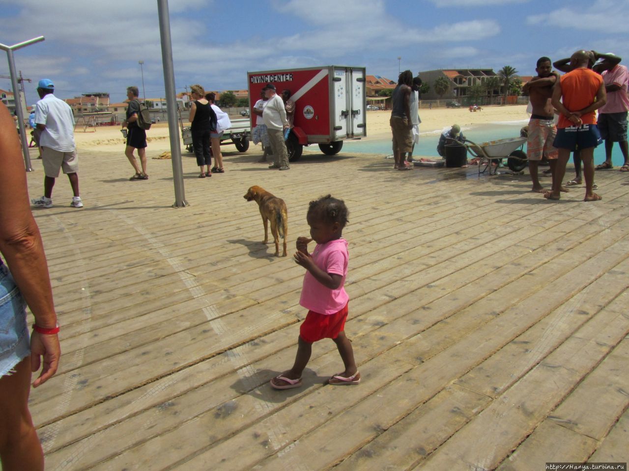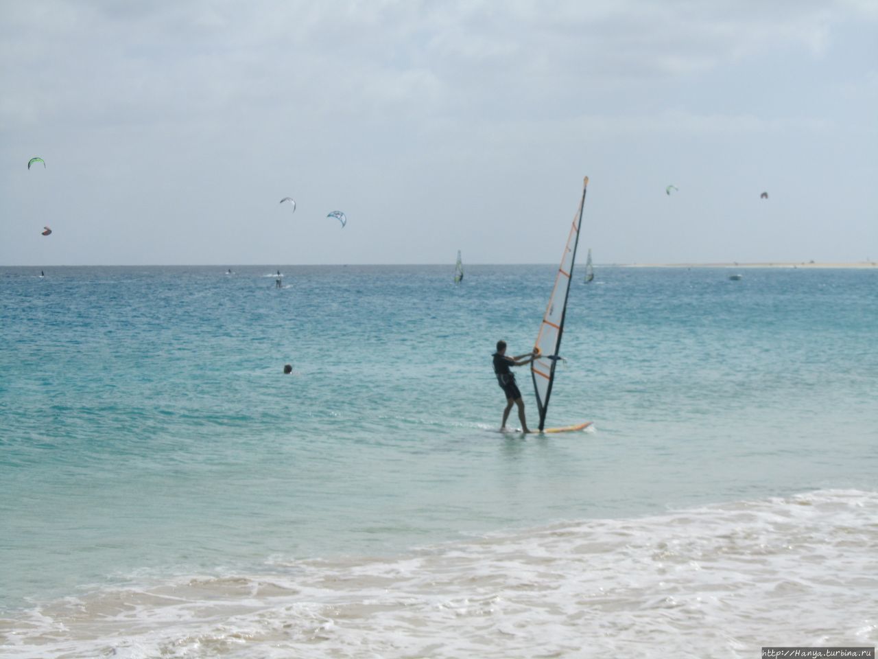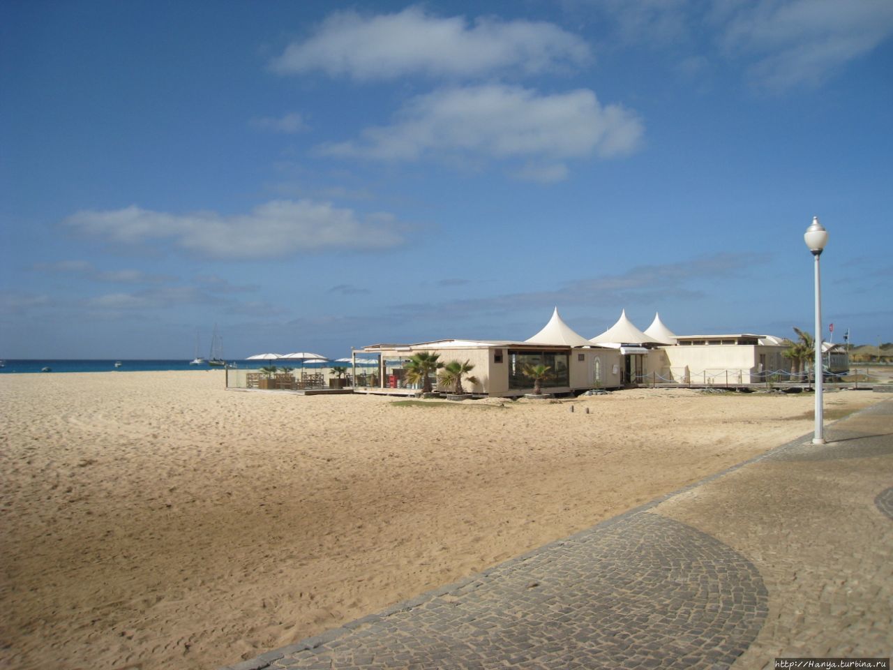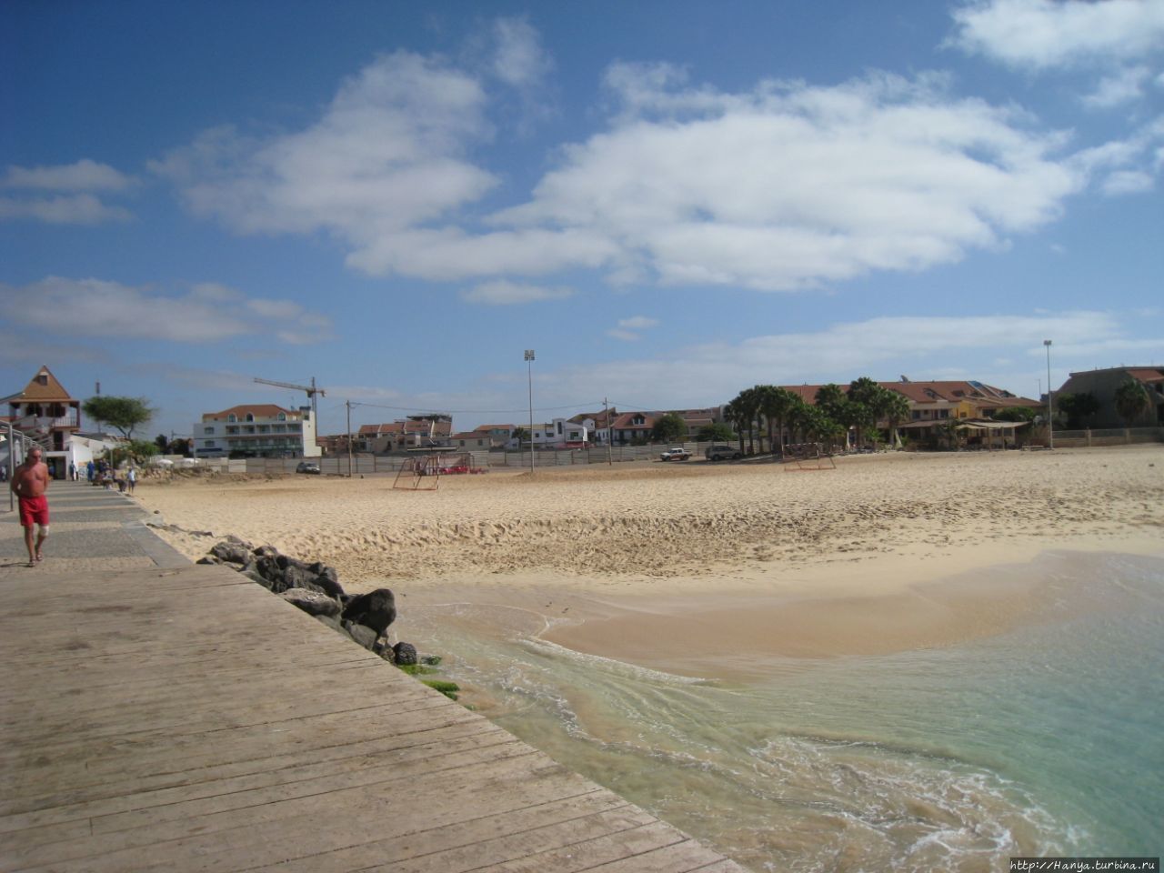 История Кабо Верде и почему наш выбор пал на о. Сал? Ч.14) встретил нас ощутимым ветром и утренней серой хмарью. Еще не отошедшие от сна, идем на завтрак. Утренняя трапеза за белыми пластиковыми столиками с видом на голубой бассейн и виднеющееся море затянулась, да и куда торопиться на отдыхе! За это время тучки ветром сдуло, и солнце «расталдыкнуло свои лучи по белу светушку». Забыв о нашей российской дождегнили, мы приземлились на пляжных полотенцах около самого берега моря. Попробовав воду, я не сразу рискнула искупаться, и напрасно… Намазавшись кремом с защитой в 30 единиц, почти полностью отключились от реалий каждодневной жизни, прекратив даже мысли думать. Однако, если бы не ветерок, то долго выдержать это возлежание было бы невозможно.
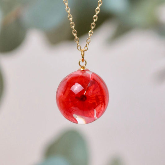 Collana sfera con fiore vero Ortensia rossa - collezione BOLLE
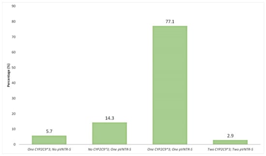In addition, 27/35 individuals in the Spanish population, carrying pVNTR-S and/or CYP2C9*3 variants, carried both polymorphisms, either in heterozygosity (77.1%) or in homozygosis (2.9%) (Figure 2). In contrast, only five individuals who presented with the pVNTR-S variant did not have the CYP2C9*3 variant (14.3%), as well as two CYP2C9*3 carrier individuals (5.7%) (Figure 2).
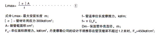 褡補(bǔ)償器(包括轉(zhuǎn)角處自然補(bǔ)償器)至固定點(diǎn)之間的距離不得_管道的_安裝長度Lmax,管道_安裝長度的定義是固定點(diǎn)至自由端(補(bǔ)償器)的長度,在此長度下產(chǎn)生的摩擦力不得_管道許用應(yīng)力下相應(yīng)的彈性力。
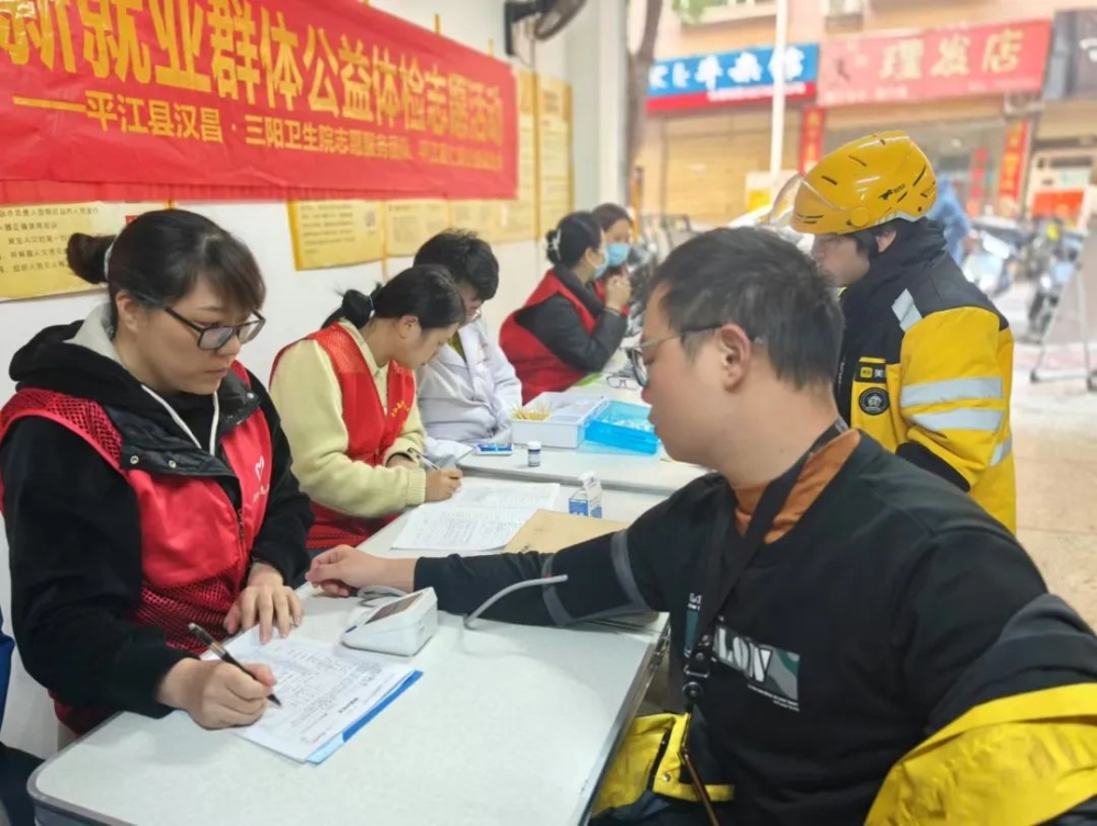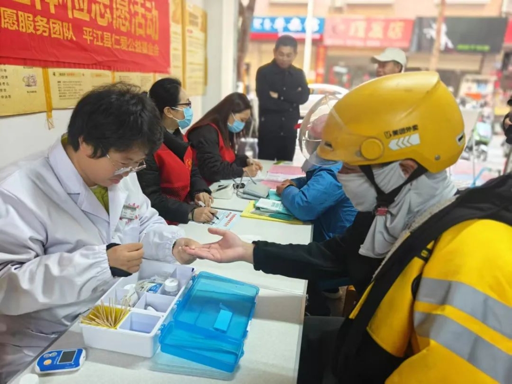 12月2日,平江县汉昌·三阳卫生院医疗志愿服务团队连同平江县仁爱公益基金会志愿者深入美团外卖平江站开展关爱新就业群体公益体检活动,近200名美团外卖网约配送员参与体检。
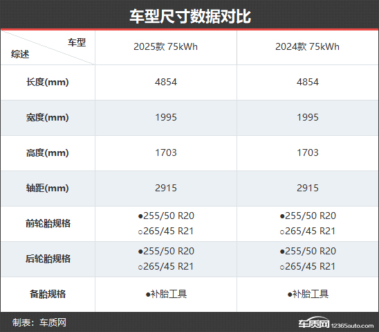 车型尺寸方面,新款车型与老款车型完全一致,并且标配的轮胎规格也同为255/50 R20。有区别的是,新款车型换装了全新的轮毂样式,再搭配红色刹车卡钳,整体视觉效果更为运动。
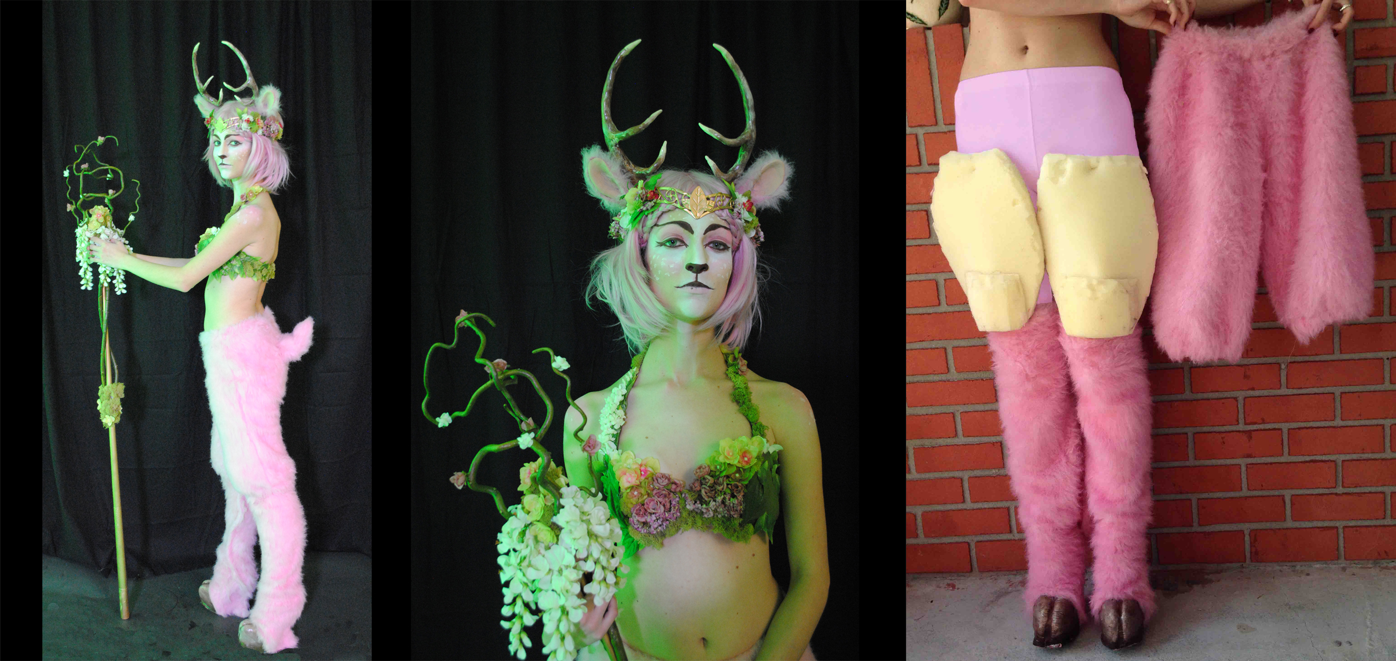 - We Love Colors : Leggings in Orchid pink are worn underneath the fur pants, one to have the color show through and two to not be so itchy! Also a pair of old WLC fishnet tights was modified into a wig cap.
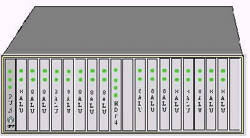 見上圖 DAS120主機(jī)所用的機(jī)框為19英寸標(biāo)準(zhǔn)機(jī)框,可直接裝入19英寸機(jī)柜,也可放置在桌面。機(jī)框共有20個槽口,兩邊可插兩塊電源板PSU,中間插數(shù)字中繼接口板HDT4,其余16個槽可插15塊模擬用戶板8ALU(或8ATU)。8ALU每塊板為8路,一個機(jī)框總共120路。

————

- [Problem to work on]:
From the line that contains "车型尺寸方面,新款车型与老款" to the final line of the material, write out each line exactly. Pictures stay out.

- [Written solution]:
 车型尺寸方面,新款车型与老款车型完全一致,并且标配的轮胎规格也同为255/50 R20。有区别的是,新款车型换装了全新的轮毂样式,再搭配红色刹车卡钳,整体视觉效果更为运动。
 - We Love Colors : Leggings in Orchid pink are worn underneath the fur pants, one to have the color show through and two to not be so itchy! Also a pair of old WLC fishnet tights was modified into a wig cap.
 見上圖 DAS120主機(jī)所用的機(jī)框為19英寸標(biāo)準(zhǔn)機(jī)框,可直接裝入19英寸機(jī)柜,也可放置在桌面。機(jī)框共有20個槽口,兩邊可插兩塊電源板PSU,中間插數(shù)字中繼接口板HDT4,其余16個槽可插15塊模擬用戶板8ALU(或8ATU)。8ALU每塊板為8路,一個機(jī)框總共120路。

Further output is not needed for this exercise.